Und ein Ding, so verlockend anzusehen, unterhält so wüste Möglichkeiten; einer so glorreichen Erfindung sollte jener Fortschritt verwehrt bleiben, der sich heute auf allen Gebieten des äußeren Lebens — von dem fabelhaften Aufschwung unseres Schiffahrtwesens nicht zu reden — so glücklich geltend macht. Man fährt schon in Russland und auf der transibirischen Eisenbahn sehr angenehm — es ist also möglich. Warum sollten wir hier nicht auch wie in so vielem Vorbildliches stellen? Wie schön, welche Freude, wären die Eisenbahnwagen, die einmal ein Künstler wie Adolf Hildebrand entwarf. — Wo sind sie? Nein! was ich da sage, ist wirklich weder unausführbar noch töricht! Aber, sagte mir kopfschüttelnd, mit erhobenem Finger, ein mehrfacher Aufsichtsrat, sehen Sie denn nicht ein, daß die kolossalen Anstrengungen, welche von Seiten der Schiffsagenturen zur Hebung desselben geschehen sind, absolut notwendig waren, um das Verkehrsmittel überhaupt in Schwung zu bringen, und daß es ohne die rücksichtsvolle Behandlung der Passagiere, welche Sie so sehr rühmen, niemals florieren könnte, während unsere Eisenbahnen — ob nun etwas für sie geschieht oder nicht und mögen sie noch so rückständig bleiben, ja noch unerträglicher werden — einen stets wachsenden Zudrang erfahren werden, da es kein anderes großes Verkehrsmittel gibt — es sei denn das Auto oder der Luxuszug, der ja auch, schloß er zutreffend und mit einem suffisanten Lächeln, mehr oder minder nur für Autobesitzer (er war selbst einer) in Betracht kommt.
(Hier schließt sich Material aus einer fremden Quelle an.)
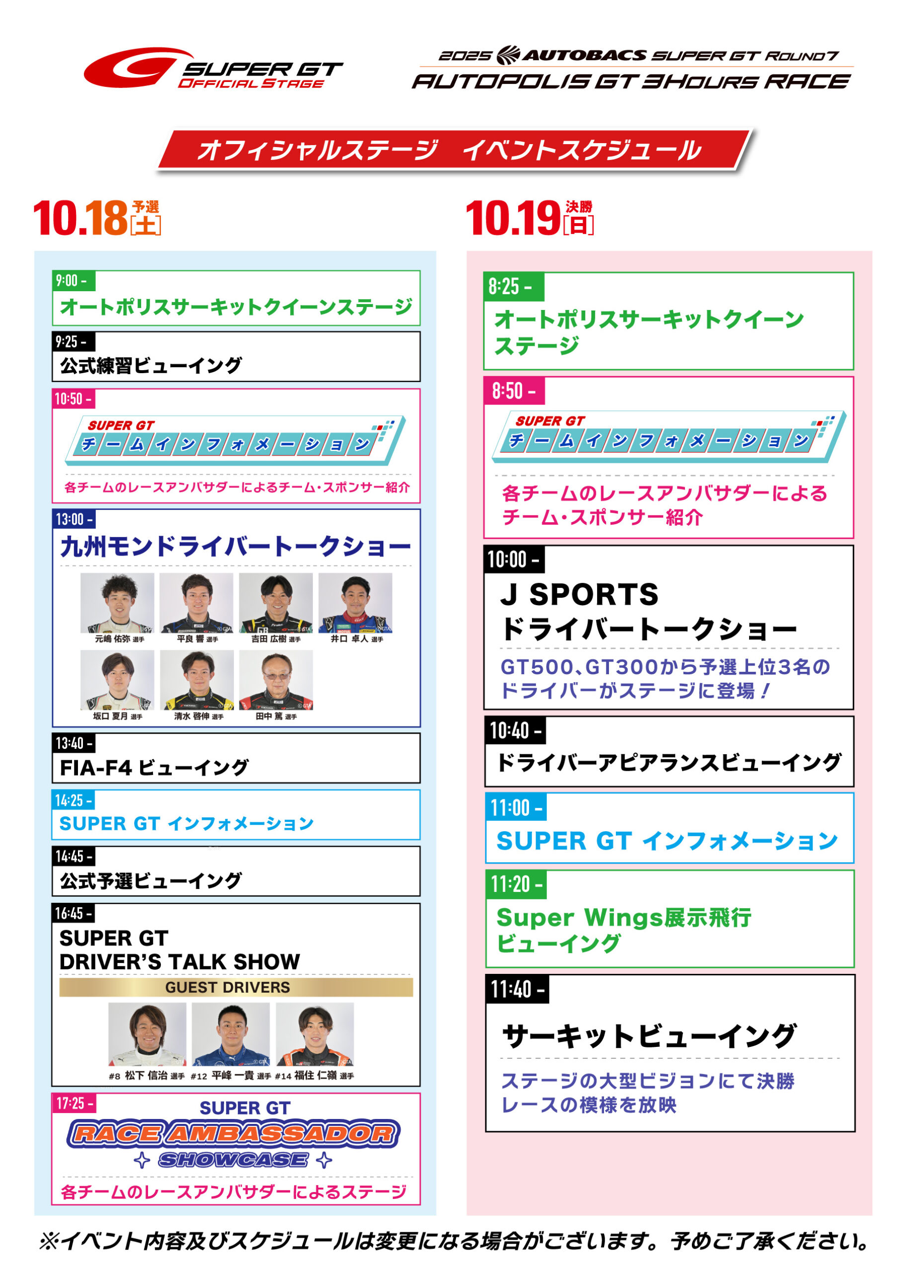 <2025 AUTOBACS SUPER GT Rd.7 AUTOPOLIS GT 3Hours RACE オフィシャルステージスケジュール>

Nun möchte ich nur, wiewohl vergebens, unsere Herren Eisenbahnminister im Namen meines philantropischen Jahrhunderts fragen, ob dies ein anständiges Argument war.
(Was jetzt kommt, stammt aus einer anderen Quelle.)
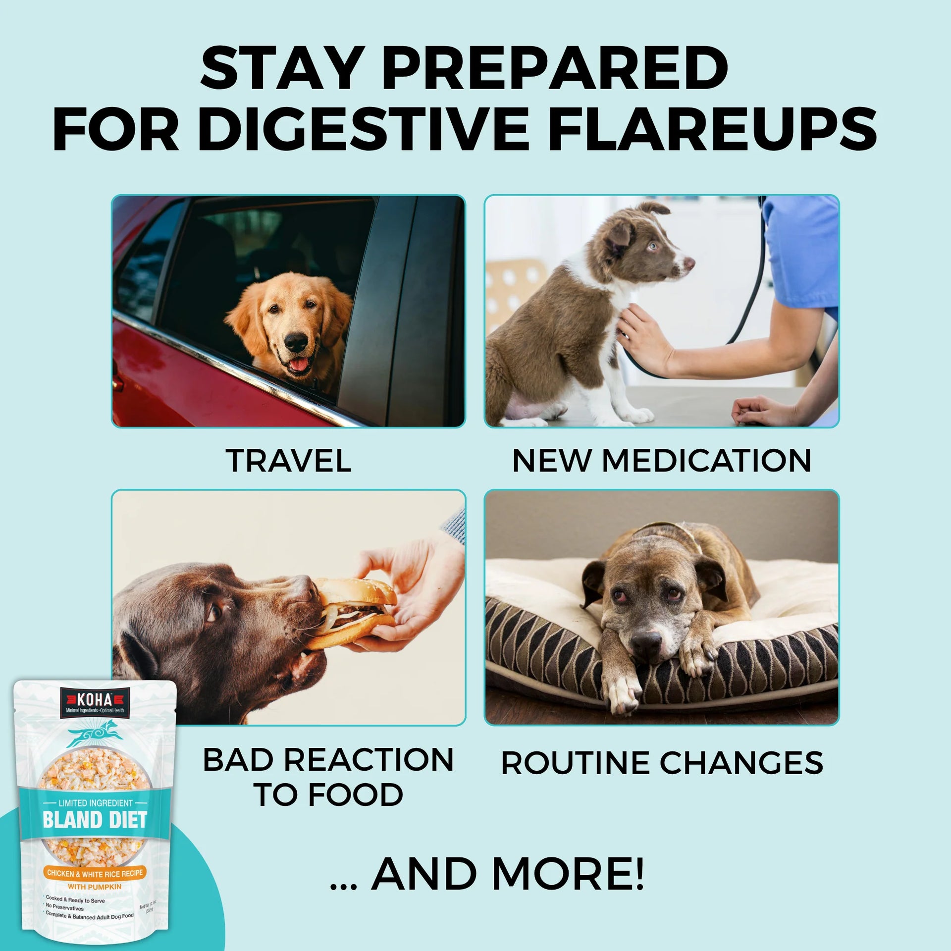 KOHA Bland Diet for dogs is ideal for dogs with upset stomach, loose stool, or diarrhea. This gently formulated limited ingredient dog food recipe has just one protein source for easy digestion. It also includes white rice and pumpkin to support healthy stools and regularity.

Neue Rundschau Juliheft 1914
„Hans im Schnakenloch“ von René Schickele, ein elsässisches Schauspiel in vier Akten, gehört, wie Tchekow’s „Kirschblüte“, nur in viel höherem Grade noch, zu den athmosphärischen Stücken. Man weiß nicht, sind hier Licht und elsässischer Himmel miteinbezogen, oder fluten sie ungefragt so herein. Aber man weiß, hier ist die Tragik keine stipulierte, sie ergibt sich von selbst. Denn hier ist der Held eins mit der Landschaft, in der er steht, und mit dem Himmel, der schwefelgelb aufleuchtend, in der Ferne grollend, so weit, so brütend, über ihm hängt. Elsaß! Und hier hat der Held es nicht nötig, die Welt zu bereisen, sondern er trägt das Wissen um ihre winterliche Finsternis in seinen leichtblütigen Adern. Dieser unselige Hans im Glück, der alles hat, was er will, und nicht will, was er hat, möchte, was er nicht mehr erhoffen kann: einen Boden für sein Glück. Dieser reifen und sommerlichen Welt jedoch, deren Sinn er so wohl erfaßt und die er unter seinen Füßen schwanken fühlt, gilt seine Treue. Des Elsässers Treue: „Spannen Sie einen Menschen mit Armen und Beinen zwischen zwei Pferde,“ sagt er zum französischen General Kaufmann, „jagen Sie die Pferde in entgegengesetzter Richtung davon, und Sie haben genau das erhabene Beispiel der elsässischen Treue.“ Hansens Mutter, die alte Madame Boulanger (in diesem Stück haben die Deutschen meist französische Namen, und umgekehrt) ist ein wenig schweigsam, nach Art alter Französinnen, die über das Unvermeidliche nicht gern viel Worte machen. „Ihr wißt, ich hab nichts gegen die Deutschen, gelt Clär. Aber manchmal kommts mir vor, als ob mehr geschrien würde, seitdem sie im Lande sind.“ Ihr Sohn ist nicht der Ritter ohne Furcht und Tadel. Garnichts Verjährtes haftet ihm an. Er wandelt mit der Stunde und ist der Mensch ohne Eitelkeit. Nichts Selbstgefälliges an seiner Ironie; sein Achselzucken, seine spielerische Trauer atmen Verzweiflung.
Hans (bei einem Fest auf drei Abgeordnete deutend): Da kommen sie!
Müller (noch oben auf der Terrasse, zwischen Cavrel und Simon): Ein Löwe, ein Wolf, und das Schaf.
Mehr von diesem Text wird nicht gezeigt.